* _Record excerpts_:
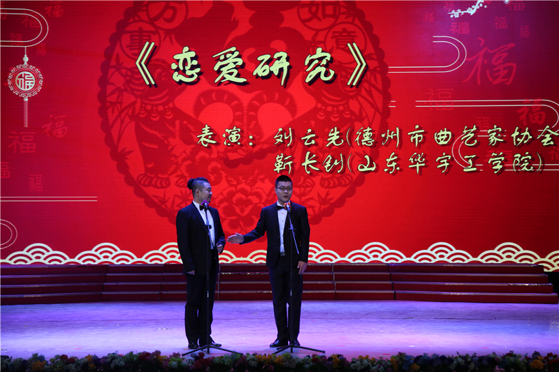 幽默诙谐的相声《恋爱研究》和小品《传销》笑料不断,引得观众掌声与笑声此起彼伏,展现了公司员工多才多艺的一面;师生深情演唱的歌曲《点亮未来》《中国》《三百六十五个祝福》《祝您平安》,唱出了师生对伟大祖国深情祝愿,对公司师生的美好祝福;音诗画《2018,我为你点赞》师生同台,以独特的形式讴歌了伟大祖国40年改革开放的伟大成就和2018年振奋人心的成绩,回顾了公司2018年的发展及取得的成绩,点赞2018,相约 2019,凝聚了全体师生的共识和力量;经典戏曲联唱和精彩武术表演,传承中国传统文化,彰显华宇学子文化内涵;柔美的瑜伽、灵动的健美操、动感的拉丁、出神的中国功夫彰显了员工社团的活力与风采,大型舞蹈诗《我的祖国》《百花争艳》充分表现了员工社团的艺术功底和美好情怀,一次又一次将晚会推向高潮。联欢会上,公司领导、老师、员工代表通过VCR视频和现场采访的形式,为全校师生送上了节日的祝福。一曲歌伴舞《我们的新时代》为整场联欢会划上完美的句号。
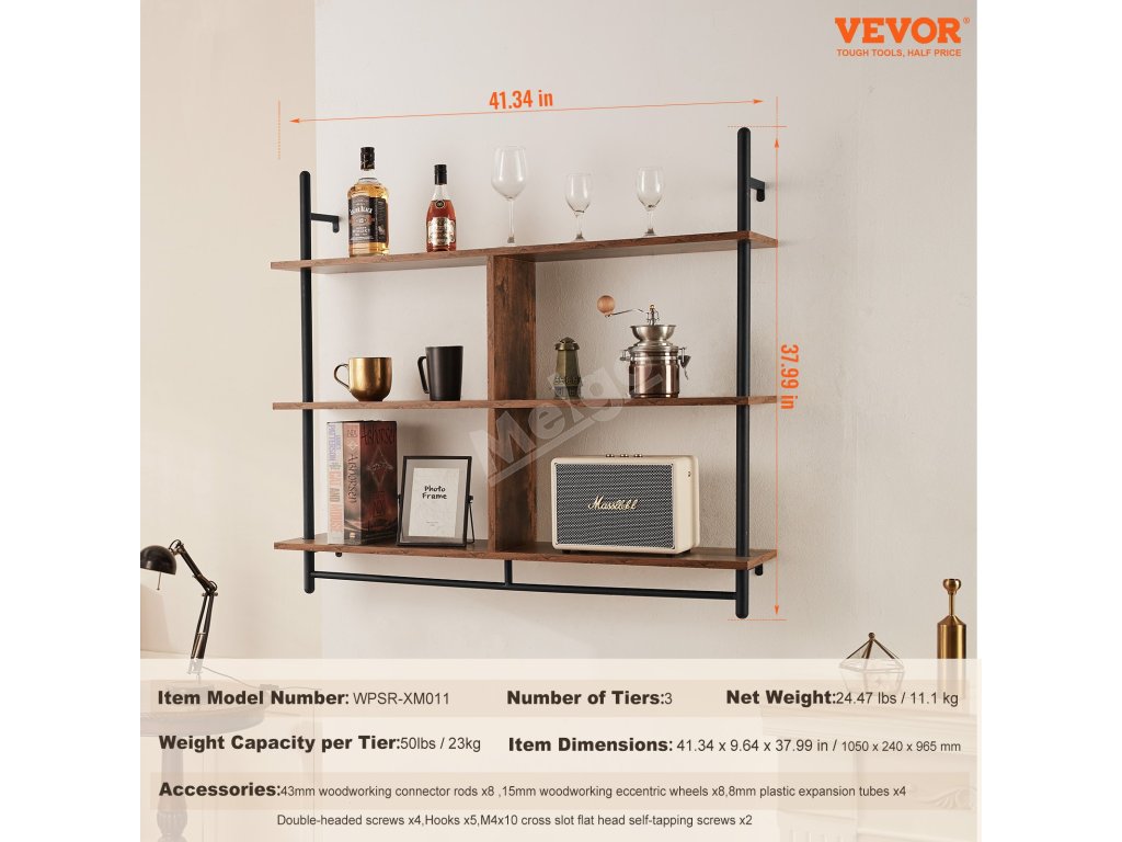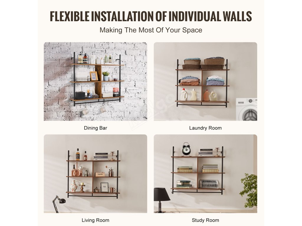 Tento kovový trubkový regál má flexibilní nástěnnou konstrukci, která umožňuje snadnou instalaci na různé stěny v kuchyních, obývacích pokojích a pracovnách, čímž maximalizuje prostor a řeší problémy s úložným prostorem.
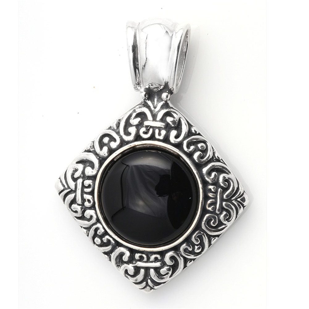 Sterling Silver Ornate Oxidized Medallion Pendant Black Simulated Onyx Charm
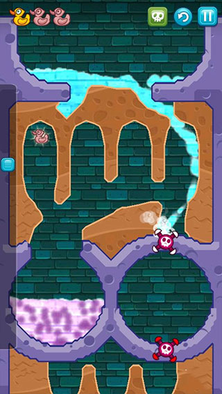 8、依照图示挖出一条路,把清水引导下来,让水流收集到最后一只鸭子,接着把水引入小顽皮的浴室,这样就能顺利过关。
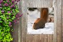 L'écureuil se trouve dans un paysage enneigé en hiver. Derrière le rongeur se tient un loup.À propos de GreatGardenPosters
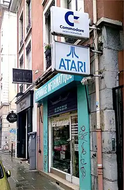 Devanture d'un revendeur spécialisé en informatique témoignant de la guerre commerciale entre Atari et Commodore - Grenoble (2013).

...

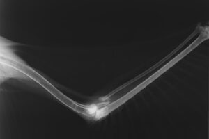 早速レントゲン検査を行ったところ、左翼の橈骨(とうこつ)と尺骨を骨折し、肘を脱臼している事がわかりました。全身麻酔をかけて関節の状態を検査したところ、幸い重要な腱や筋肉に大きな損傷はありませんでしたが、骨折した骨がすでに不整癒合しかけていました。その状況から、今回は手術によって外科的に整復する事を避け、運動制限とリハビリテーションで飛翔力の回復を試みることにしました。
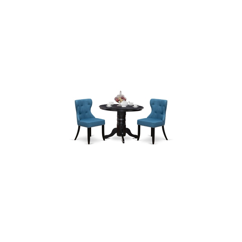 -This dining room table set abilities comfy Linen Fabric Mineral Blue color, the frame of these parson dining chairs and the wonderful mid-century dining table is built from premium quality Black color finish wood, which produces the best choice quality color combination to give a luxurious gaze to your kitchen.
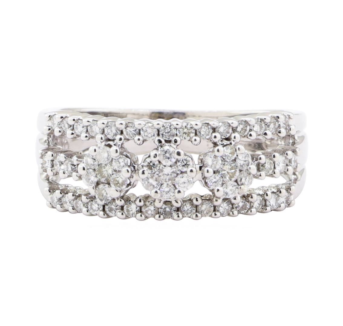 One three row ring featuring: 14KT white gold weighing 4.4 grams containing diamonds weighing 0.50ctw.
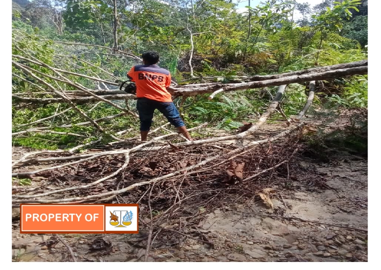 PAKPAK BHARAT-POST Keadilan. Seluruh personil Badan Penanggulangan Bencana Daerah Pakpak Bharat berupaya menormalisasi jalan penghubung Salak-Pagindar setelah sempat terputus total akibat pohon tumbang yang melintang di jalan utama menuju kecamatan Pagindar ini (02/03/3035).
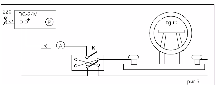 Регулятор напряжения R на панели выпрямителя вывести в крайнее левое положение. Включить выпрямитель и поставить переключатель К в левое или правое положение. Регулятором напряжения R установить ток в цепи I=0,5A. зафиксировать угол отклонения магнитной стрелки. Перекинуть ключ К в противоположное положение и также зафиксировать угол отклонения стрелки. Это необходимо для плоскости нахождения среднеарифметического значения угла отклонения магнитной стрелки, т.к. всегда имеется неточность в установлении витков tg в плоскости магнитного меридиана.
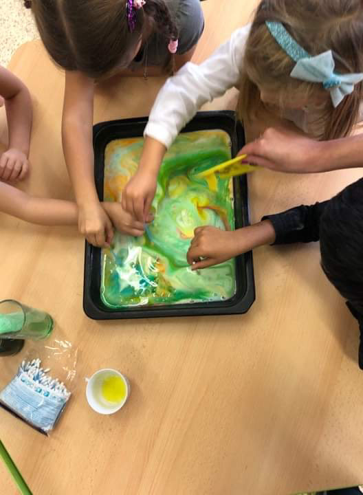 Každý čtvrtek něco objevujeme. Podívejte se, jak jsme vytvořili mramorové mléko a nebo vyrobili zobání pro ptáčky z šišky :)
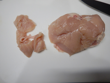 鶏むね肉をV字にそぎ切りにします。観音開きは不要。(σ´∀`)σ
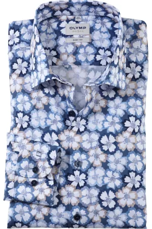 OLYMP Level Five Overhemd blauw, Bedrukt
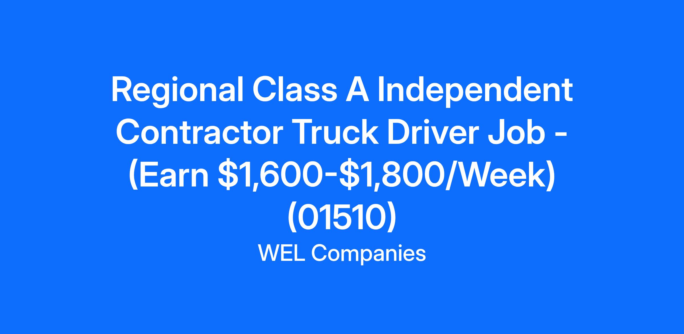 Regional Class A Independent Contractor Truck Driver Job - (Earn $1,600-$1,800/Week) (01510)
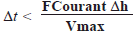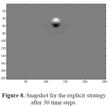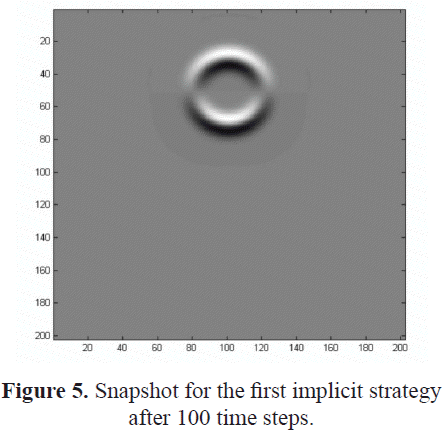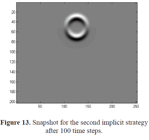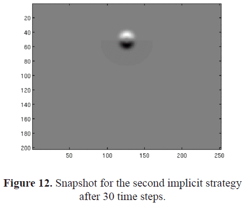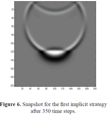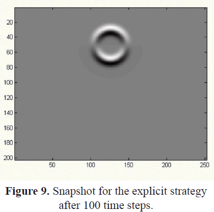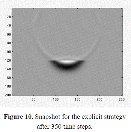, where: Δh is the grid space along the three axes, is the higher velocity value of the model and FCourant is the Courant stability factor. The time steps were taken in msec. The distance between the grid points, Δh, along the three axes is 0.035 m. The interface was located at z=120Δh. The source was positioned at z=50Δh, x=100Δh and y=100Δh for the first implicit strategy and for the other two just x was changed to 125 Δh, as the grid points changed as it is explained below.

* _Exercise prompt_:
Keep to the stretch from the line containing "幽默诙谐的相声《恋爱研究》和" through the line containing "8、依照图示挖出一条路,把清", both ends included, and copy it exactly from the listing above, minus the pictures.

* _Answer area_:
 幽默诙谐的相声《恋爱研究》和小品《传销》笑料不断,引得观众掌声与笑声此起彼伏,展现了公司员工多才多艺的一面;师生深情演唱的歌曲《点亮未来》《中国》《三百六十五个祝福》《祝您平安》,唱出了师生对伟大祖国深情祝愿,对公司师生的美好祝福;音诗画《2018,我为你点赞》师生同台,以独特的形式讴歌了伟大祖国40年改革开放的伟大成就和2018年振奋人心的成绩,回顾了公司2018年的发展及取得的成绩,点赞2018,相约 2019,凝聚了全体师生的共识和力量;经典戏曲联唱和精彩武术表演,传承中国传统文化,彰显华宇学子文化内涵;柔美的瑜伽、灵动的健美操、动感的拉丁、出神的中国功夫彰显了员工社团的活力与风采,大型舞蹈诗《我的祖国》《百花争艳》充分表现了员工社团的艺术功底和美好情怀,一次又一次将晚会推向高潮。联欢会上,公司领导、老师、员工代表通过VCR视频和现场采访的形式,为全校师生送上了节日的祝福。一曲歌伴舞《我们的新时代》为整场联欢会划上完美的句号。
 Tento kovový trubkový regál má flexibilní nástěnnou konstrukci, která umožňuje snadnou instalaci na různé stěny v kuchyních, obývacích pokojích a pracovnách, čímž maximalizuje prostor a řeší problémy s úložným prostorem.
 Sterling Silver Ornate Oxidized Medallion Pendant Black Simulated Onyx Charm
 8、依照图示挖出一条路,把清水引导下来,让水流收集到最后一只鸭子,接着把水引入小顽皮的浴室,这样就能顺利过关。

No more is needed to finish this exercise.